Thread: CREATE CONSTRAINT TRIGGER appears to be a security hole

CREATE CONSTRAINT TRIGGER appears to be a security hole

From
Peter Eisentraut
Date:
While the REFERENCES privilege controls who can create foreign keys
referring to one's tables, it seems you can evade it by using CREATE
CONSTRAINT TRIGGER directly.

This is the "slave" portion of a FK constraint I got from pg_dump:

CREATE CONSTRAINT TRIGGER "$1"   AFTER INSERT OR UPDATE ON "slave"   FROM master   NOT DEFERRABLE INITIALLY IMMEDIATE
FOREACH ROW   EXECUTE PROCEDURE "RI_FKey_check_ins" ('$1', 'slave', 'master', 'UNSPECIFIED', 'x', 'a');
 

To create this you only need to have a privilege on "slave", but it
creates a fully functional way to "query" the primary key of the master
table by brute force, and probably also to lock the table up, although I
haven't checked that.

It seems we need to check the privilege on the table mentioned in the FROM
"foo" clause as well.  Is that correct and sufficient?

-- 
Peter Eisentraut   peter_e@gmx.net



Re: CREATE CONSTRAINT TRIGGER appears to be a security hole

From
Tom Lane
Date:
Peter Eisentraut <peter_e@gmx.net> writes:
> While the REFERENCES privilege controls who can create foreign keys
> referring to one's tables, it seems you can evade it by using CREATE
> CONSTRAINT TRIGGER directly.

Good point.

> It seems we need to check the privilege on the table mentioned in the FROM
> "foo" clause as well.  Is that correct and sufficient?

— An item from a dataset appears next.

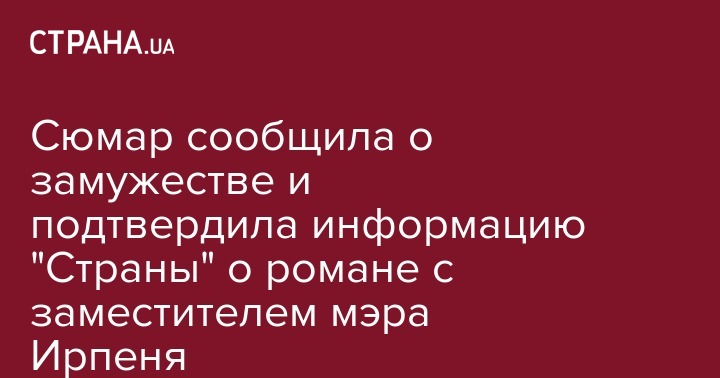 Нардеп от "Народного фронта" Виктория Сюмар подтвердила информацию "Страны" о совместном проживании с заместителем мэра Ирпеня Дмитрием Христюком. Она призналась, что недавно вышла замуж и разместила праздничные фотографии на своей странице в Facebook.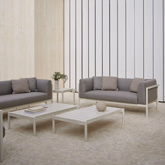 All the pieces in the collection can be stacked, whether they are tables, sofas, loungers, armchairs or chairs. They also fit into different compositions with great ease, creating living, dining and relaxing areas. The dimensions are precise and have been carefully studied so that it is possible to create compositions either for spaces measuring just a few meters or for large areas. These three key elements make Origin a versatile ally both for the home and for contract or hospitality projects.

It is if we assume that every CREATE CONSTRAINT TRIGGER is used for
something that should require REFERENCES privilege.  Given that the
command is not really intended for user use anyway, this is probably
okay to assume.

One might try to evade the check by mentioning something different in
FROM than is mentioned in the trigger arguments, but as of CVS tip
that doesn't work --- the RI triggers don't look at the relation-name
arguments anymore, only at the FROM link.